Brief: Your reply must hold the lines from the one containing "This light weight" to the end of the entries, copied exactly, with pictures excluded.

Data supplied:

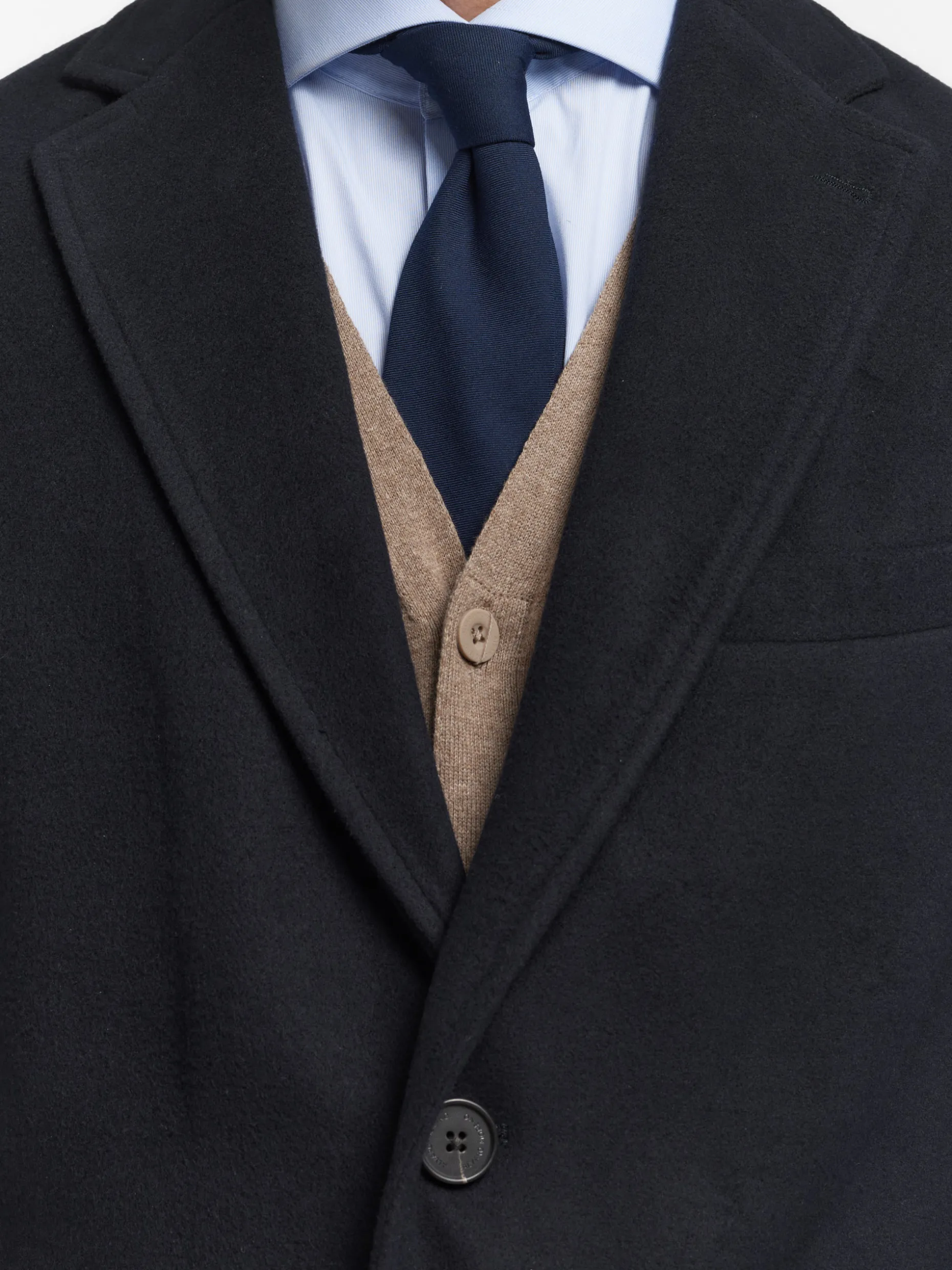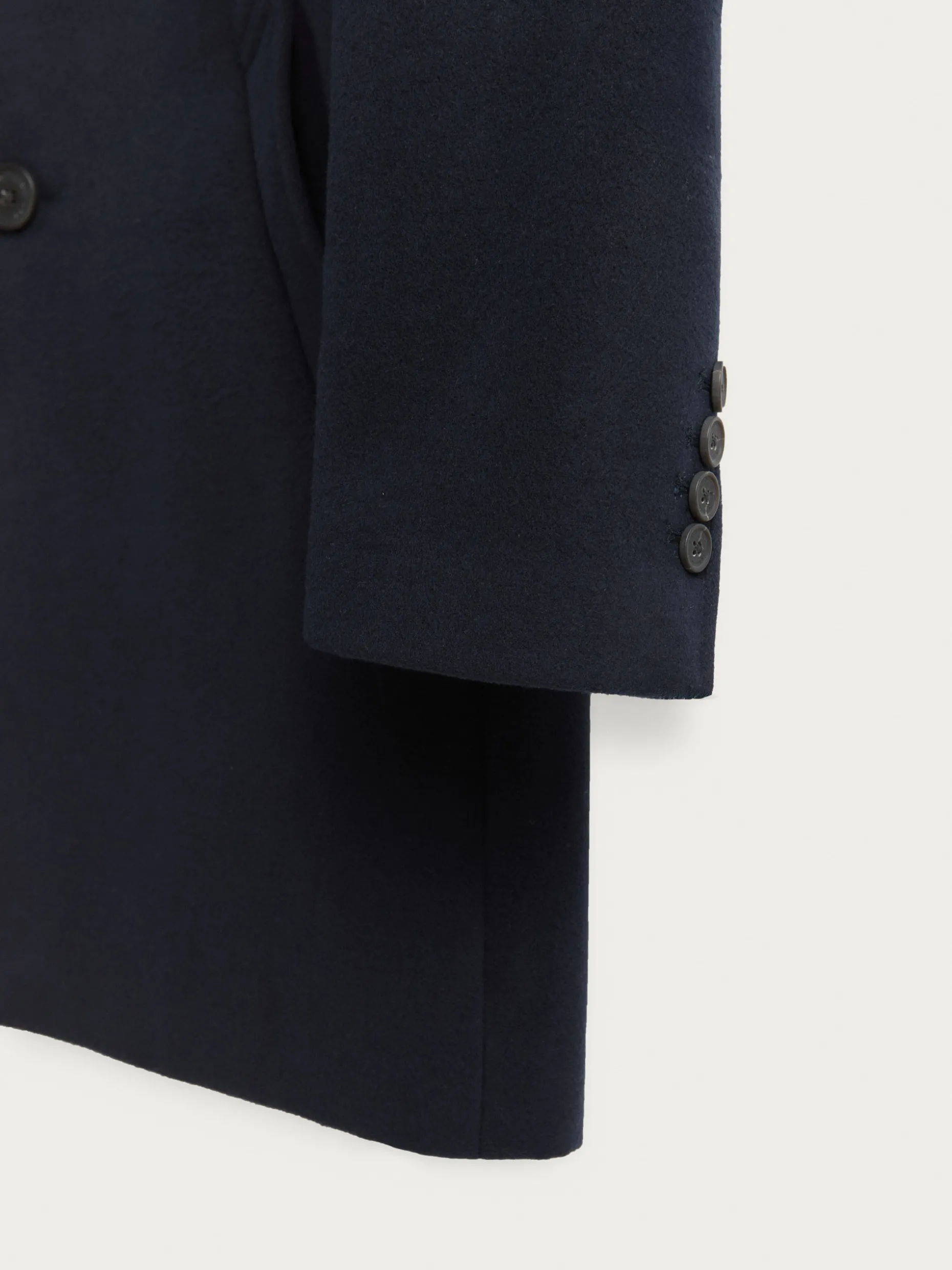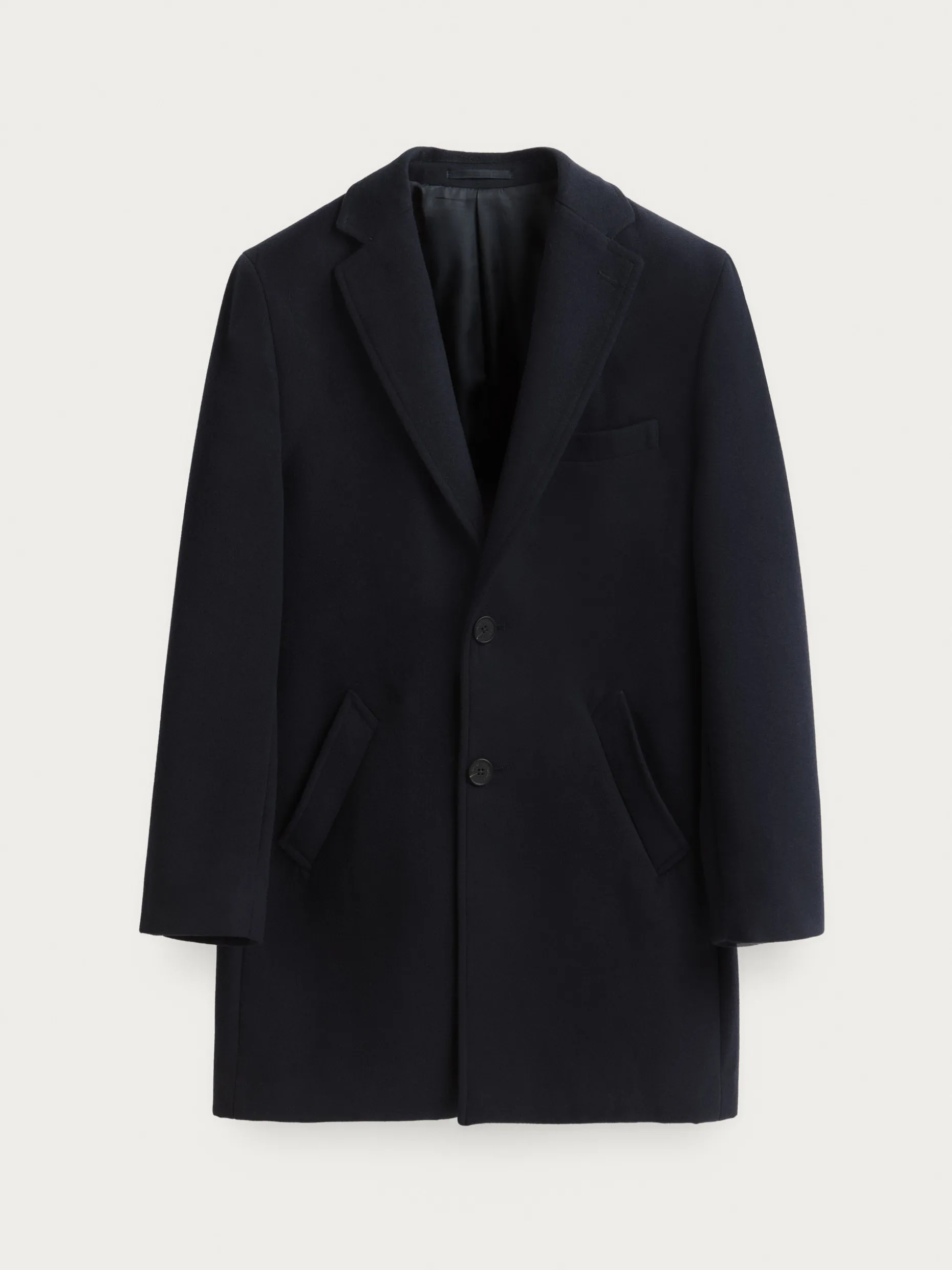 Abrigo de paño liso con cuello y solapa. Cierre central mediante botones, manga larga con botones en su terminación y dos bolsillos a la altura de la cintura. Abertura central en el bajo de la espalda. Corte regular fit.
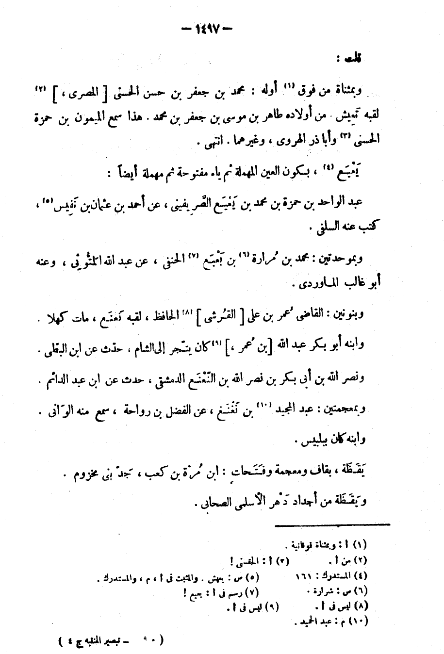 قلت: وبمثناة من فوق أوله: محمد بن جعفر بن حسن الحسني المصري، لقبه تعيش من أولاده طاهر بن موسى بن جعفر بن محمد. هذا سمع الميمون بن حمزة الحسني وأباذر الهروي، وغيرهما. انتهى.
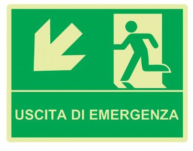 Cartello Luminescente in All. 210x160 mm USCITA DI EMERGENZA CON FRECCIA IN BASSO A SX
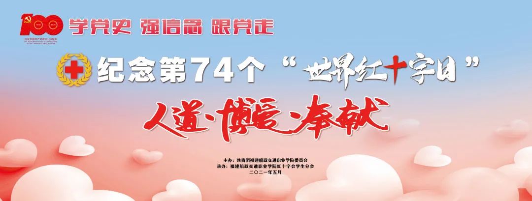 紅十字是一種精神,更是一面旗幟。此次博愛周系列活動是船政交通青年學史力行的實際行動,也是船政師生學黨史、悟思想、辦實事的生動實踐。博愛周活動增加了師生對紅十字組織、紅十字知識和紅十字精神的理解,增強了人道主義的使命感和奉獻社會的責任感,進一步弘揚了“人道、博愛、奉獻”的紅會精神。
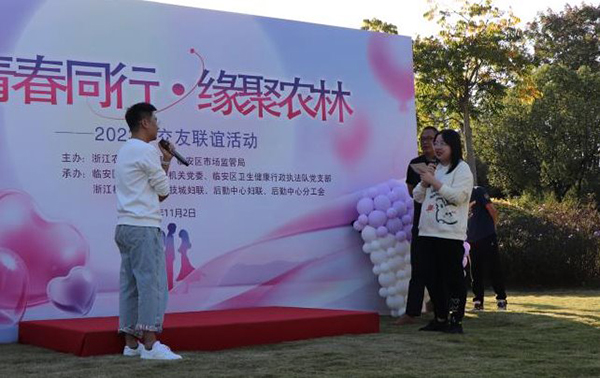 银杏金黄,硕果盈枝。11月2日下午,“青春同行·缘聚农林”为主题的交友联谊活动在美丽的浙江农林大学东湖畔举行,来自临安区市场监管局、临安区卫健康行政执法队、青山湖科技城、杭电信工学院、之江实验室以及我校各学院、后勤中心的40余名优秀单身青年参加活动。
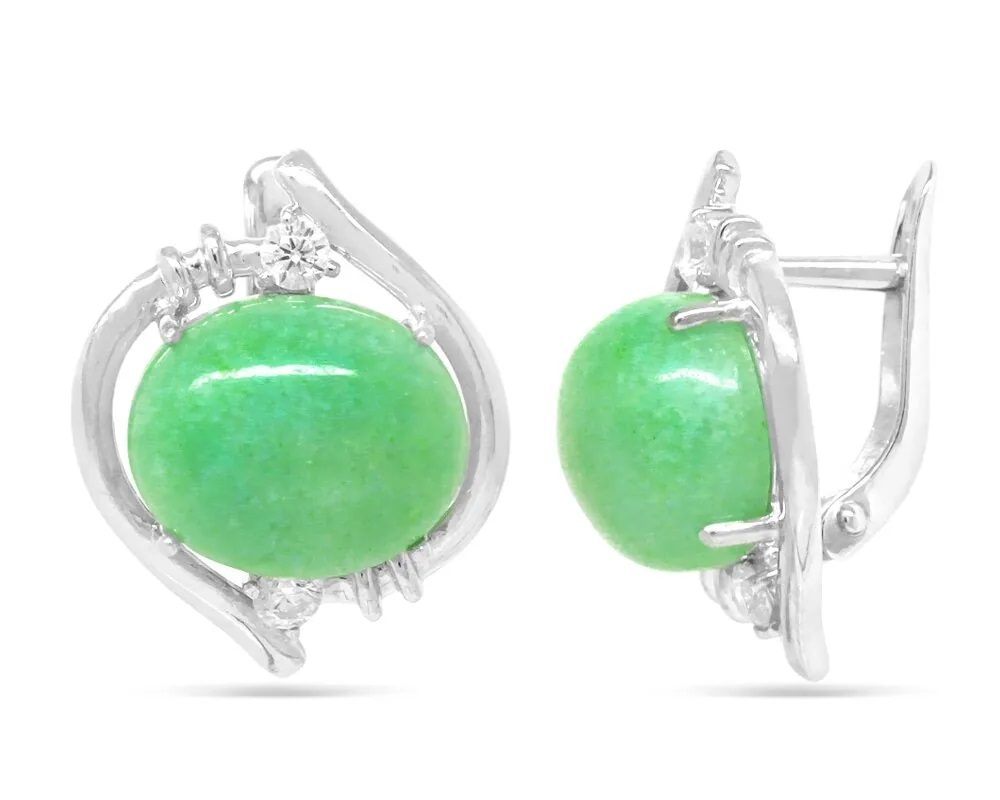 Серьги, арт.647081 Серебро Серебро 925, 5,2 гр., нефрит
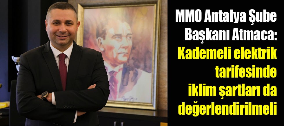 MMO Antalya Şube Başkanı Prof. Dr. İbrahim Atmaca, elektrikte kademeli tarife uygulamasının iklim şartları göz alınarak yeniden değerlendirilmesi gerektiğini belirterek, 210 kilovat elektriksel kademe değerinin yaz aylarında Antalya gibi ılıman iklimlerde için yeterli olmayacağını savundu.
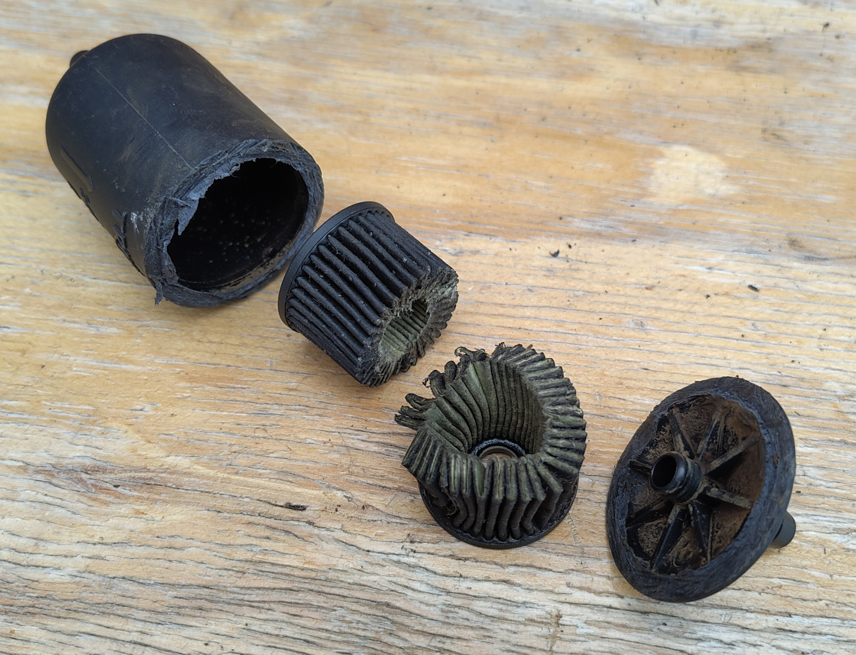 I hadn’t done mine since it’s first dealer service, so when I finally got around to replacing it I thought I’d check inside and see what a 55.000 mile old filter looks like…
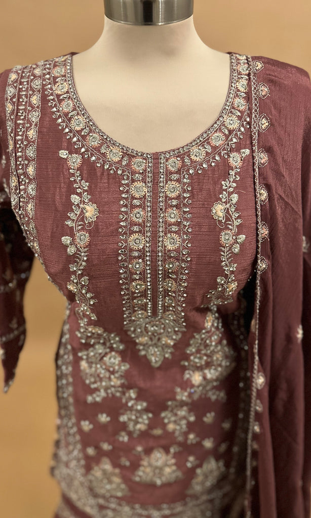 This light weight maroon party wear sharara suit features intricate stone embroidery that adds elegant sparkle. Crafted from soft chinon fabric, it offers comfort and a graceful drape for festive occasions. The matching dupatta completes the ensemble, making it a refined choice for special events.
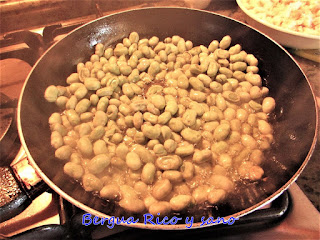 3. Calentamos 1-2 cucharadas de aceite en una sartén y freímos las habas (si son congeladas, se pueden freír directamente sin descongelar). Cuando estén, se sacan de la sartén y se reservan.
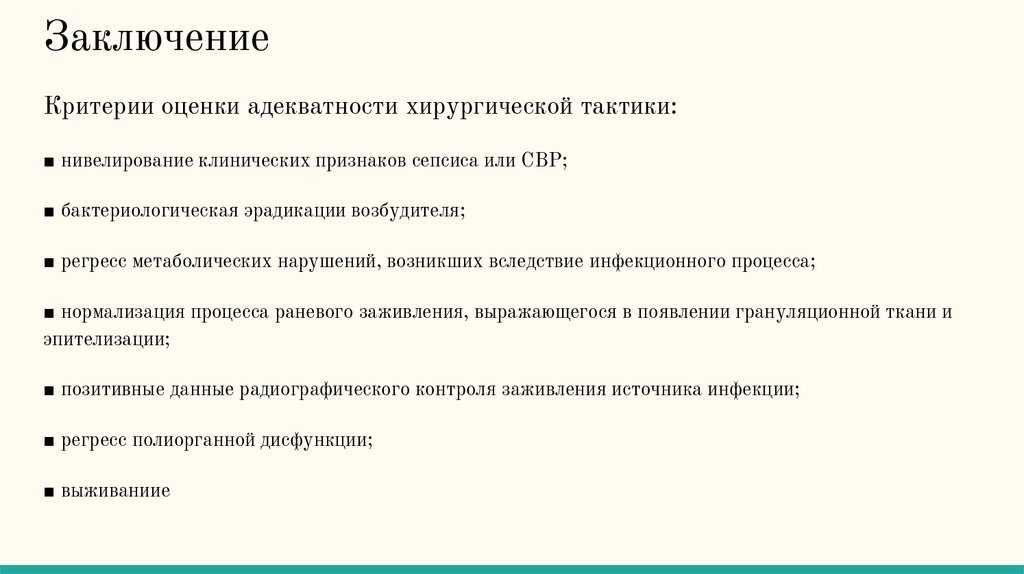 ЗаключениеКритерии оценки адекватности хирургической тактики:

Written reply:
 This light weight maroon party wear sharara suit features intricate stone embroidery that adds elegant sparkle. Crafted from soft chinon fabric, it offers comfort and a graceful drape for festive occasions. The matching dupatta completes the ensemble, making it a refined choice for special events.
 3. Calentamos 1-2 cucharadas de aceite en una sartén y freímos las habas (si son congeladas, se pueden freír directamente sin descongelar). Cuando estén, se sacan de la sartén y se reservan.
 ЗаключениеКритерии оценки адекватности хирургической тактики:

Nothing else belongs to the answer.